Excerpts from a dataset
= = = =

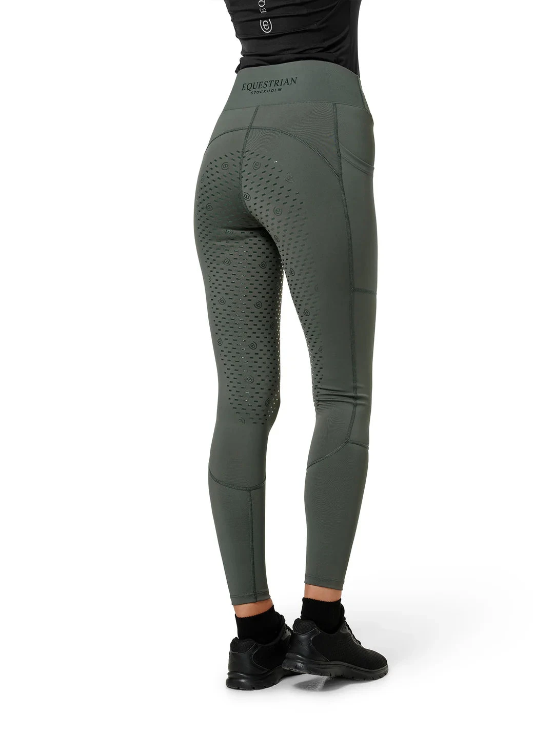 This design is meant to ensure that the rider can move freely and comfortably, while also receiving the necessary support to help them perform at their best. The Equestrian Stockholm Riding Tights Dressage Movement come in a beautiful cold army green color and are equipped with large side pockets on both sides, making it easy to store a phone. The Equestrian Stockholm Riding Tights Dressage Movement are decorated with a black printed ES logo on the left pocket and a beautiful black printed Equestrian Stockholm logo on the center of the waistband.
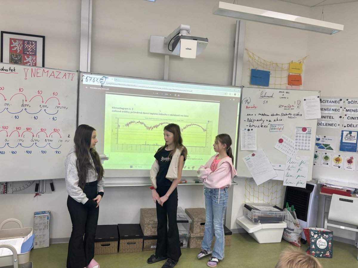 Protože už všechno víme o biomech, můžeme shrnovat a porovnávat jejich klima. Víme, jaké faktory je ovlivňují. Při badatelské hodině jsme zjišťovali informace na výzkumnou otázku: Jaký klimadiagram odpovídá vybraným oblastem (Thajsko, Saudská Arábie, ČR, Nový Zeland, Finsko). Nejprve jsme zjistili, co všechno klimadiagramy obsahují (teploty, srážky) a vyčetli jsme informace, které zobrazoval. Následně jsme odhadli, které klimadiagramy k oblastem patří. Potom jsme své odhady ověřili v mapě a pomocí PC. Nakonec jsme zjištěné informace prezentovali ostatním spolužákům.
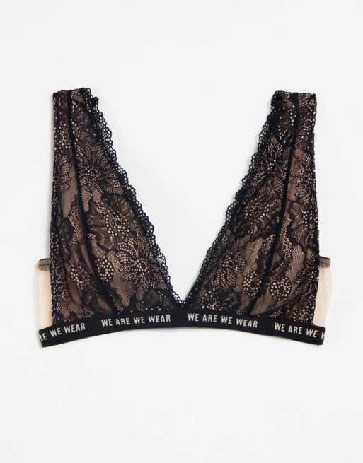 We Are We Wear Fuller Bust lace bralette with logo detail band in black
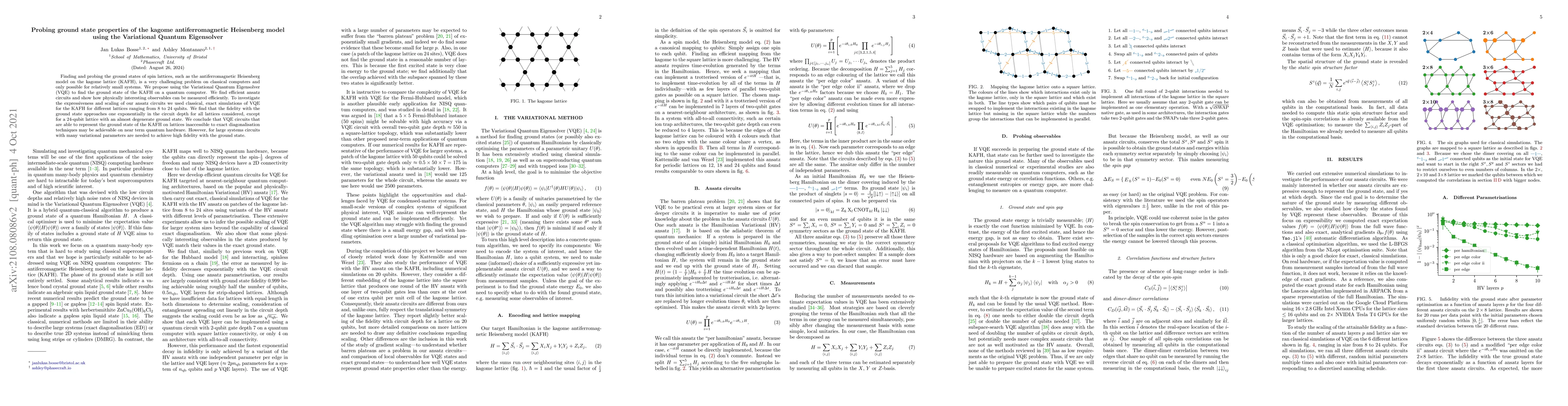 Finding and probing the ground states of spin lattices, such as the antiferromagnetic Heisenberg model on the kagome lattice (KAFH), is a very challenging problem on classical computers and only possible for relatively small systems. We propose using the Variational Quantum Eigensolver (VQE) to find the ground state of the KAFH on a quantum computer. We find efficient ansatz circuits and show how physically interesting observables can be measured efficiently. To investigate the expressiveness and scaling of our ansatz circuits we used classical, exact simulations of VQE for the KAFH for different lattices ranging from 8 to 24 qubits. We find that the fidelity with the ground state approaches one exponentially in the circuit depth for all lattices considered, except for a 24-qubit lattice with an almost degenerate ground state. We conclude that VQE circuits that are able to represent the ground state of the KAFH on lattices inaccessible to exact diagonalisation techniques may be achievable on near term quantum hardware. However, for large systems circuits with many variational parameters are needed to achieve high fidelity with the ground state.
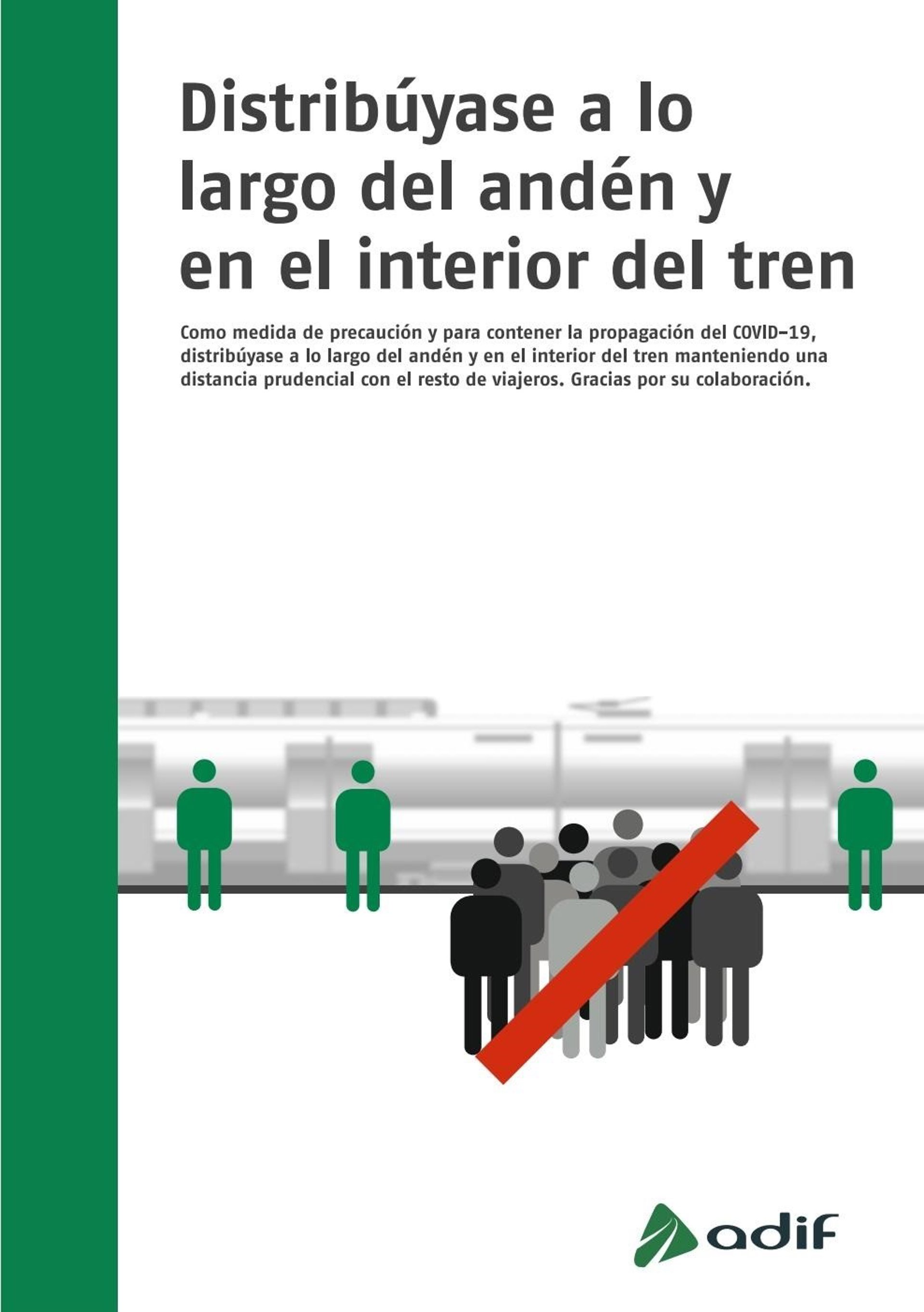 Los carteles distribuidos por Adif en las estaciones recogen el siguiente mensaje en letras de gran tamaño: "Distribúyanse a lo largo del andén y en el interior del tren".

= = = =

** Problem to solve **
The range runs from the line containing "Finding and probing" through the end of the entries; print those lines exactly and leave the pictures out.

** Finished exercise **
 Finding and probing the ground states of spin lattices, such as the antiferromagnetic Heisenberg model on the kagome lattice (KAFH), is a very challenging problem on classical computers and only possible for relatively small systems. We propose using the Variational Quantum Eigensolver (VQE) to find the ground state of the KAFH on a quantum computer. We find efficient ansatz circuits and show how physically interesting observables can be measured efficiently. To investigate the expressiveness and scaling of our ansatz circuits we used classical, exact simulations of VQE for the KAFH for different lattices ranging from 8 to 24 qubits. We find that the fidelity with the ground state approaches one exponentially in the circuit depth for all lattices considered, except for a 24-qubit lattice with an almost degenerate ground state. We conclude that VQE circuits that are able to represent the ground state of the KAFH on lattices inaccessible to exact diagonalisation techniques may be achievable on near term quantum hardware. However, for large systems circuits with many variational parameters are needed to achieve high fidelity with the ground state.
 Los carteles distribuidos por Adif en las estaciones recogen el siguiente mensaje en letras de gran tamaño: "Distribúyanse a lo largo del andén y en el interior del tren".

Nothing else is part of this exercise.